Timmy Stewart: aiming for rally greatness
Like many who have attempted various forms of motorsport, 29-year-old Timothy Stewart chose rally as his favourite version of the sport to practise. “I prefer it because of the technicalities, where we actually have to spend a few days before the event preparing for it. Myself and the navigator go out, and we’ll drive through the stages, and we’ll make our routes, so basically, we make an estimation of the angles of the corner, the distance between corners, [and] if there’s any crests, or dips, or jumps in the road. The difficulty and lack of similarity on each track makes it interesting,” he said.

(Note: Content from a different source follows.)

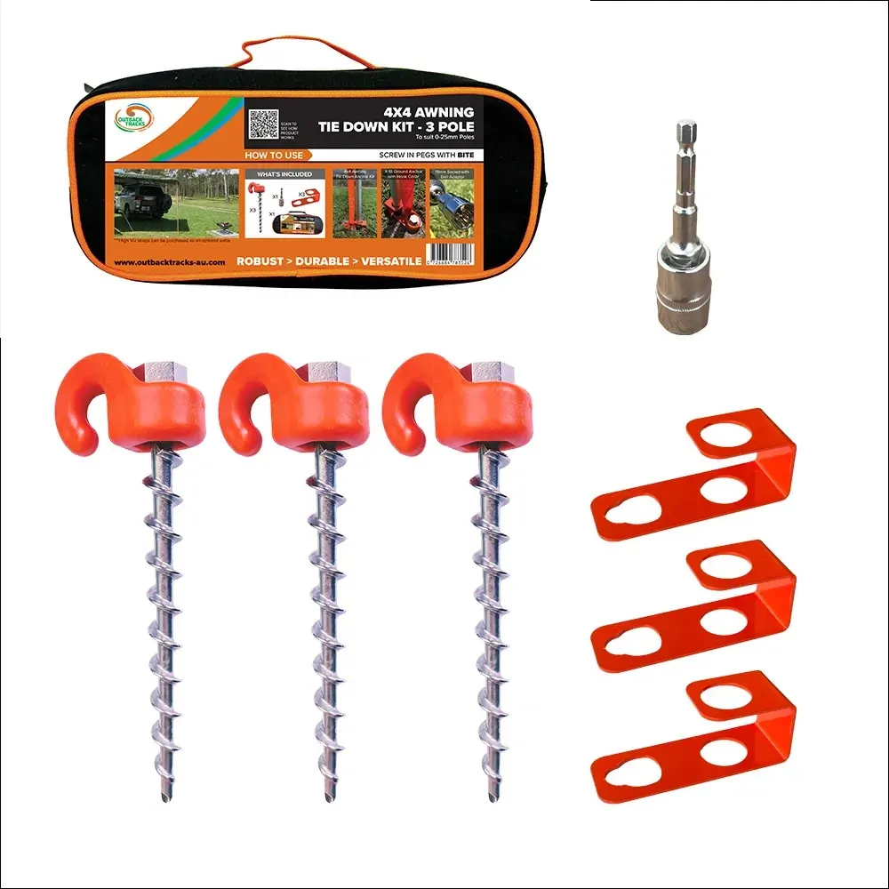 4×4 Awning Tie Down Kit (3 Pole) to suit 0-25mm Poles

Despite previously doing go-karting and circuit racing and having only recently started rallying, Stewart told Automotives that he enjoys the “unpredictability” of rally racing. “At the moment, I do go-karting when I can. Rallying is more the main objective for me. If I’m here, or if I have time, I’ll do go-karting. I was a lot more into it when I was younger, before I went away to study. So since I’ve got back, I’ve just kinda used it to hone my skills, so I go out there and just drive. I practise, and if I’m here for a race meet, I’ll race it, but it’s kinda just occasionally.”

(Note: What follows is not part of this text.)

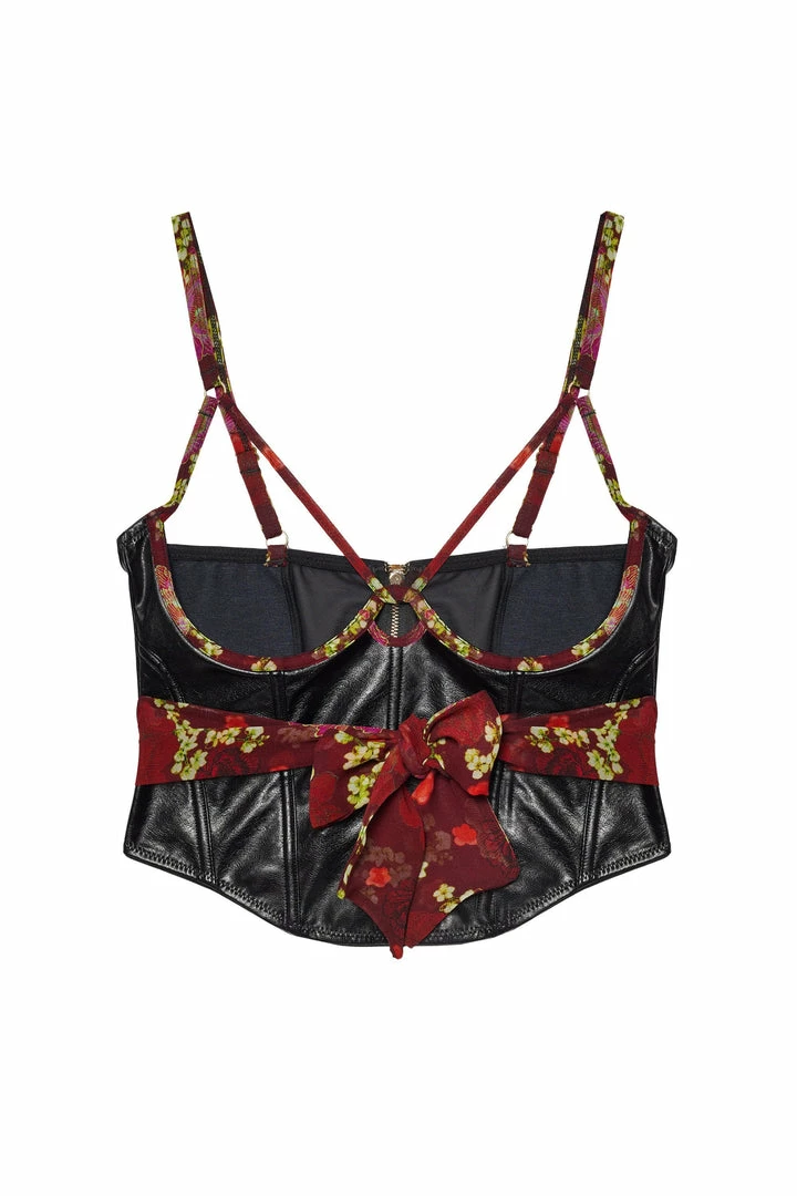 - Leatherette corset with floral accents

Even as a beginner, Stewart managed to claim the Drivers’ Rallysport title in 2017.
“I would say it felt great ‘cause we did have a lot of ups and downs that year with the car and just basic rally stuff starting out, like learning how to feel the car on the dirt. I think it was a great accomplishment after just beginning,” he said.

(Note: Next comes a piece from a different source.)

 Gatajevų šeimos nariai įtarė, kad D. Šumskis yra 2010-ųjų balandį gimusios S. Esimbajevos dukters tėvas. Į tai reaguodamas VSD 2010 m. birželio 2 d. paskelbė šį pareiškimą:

Unfortunately, he wasn’t able to accomplish a similar feat at Rally Trinidad in April last year. However, the Rallysport champion is optimistic moving forward. “We were unable to finish due to some issues with the car, but we were doing pretty well, so I’m hoping to move on from that and keep the momentum going and hopefully have a good year,” he said. Sights are already set on Rally Trinidad for 2020. He said: “A Jamaican won last year (Kyle Gregg). I would love to go back this year and, hopefully, keep it in the Jamaicans’ name and take the win for myself.”
As he moves towards future competition, Stewart highlighted some differences between preparation weeks prior to and on the day of the event.
“I guess it comes down to a lot of factors because we don’t really get to practise. In rally, it’s really about seat time and just becoming one with the car. Without the practice, we just hope to have a lot of events and use those as practice. Occasionally, Tru-Juice allows us to use their orange groves on a Sunday if we need to test the car or anything and make sure everything is working.”
However, leading up to the actual race, the approach shifts slightly. He said: “It’s really just thinking about what you can do to drive the fastest, trying to maximise how you use the road and make the car flow through the corners. So I guess leading up to it, there’s a lot to do with the car preparations, just making sure that it will last through the event. You have your preparation of your notes, and then once you’ve done those notes, it’s to sit down and visualise the actual course and just try to see the road in your head before you actually drive on it.”
Stewart feels very optimistic about his future in rally racing and believes that with constant practice, he will put more trophies on his wall.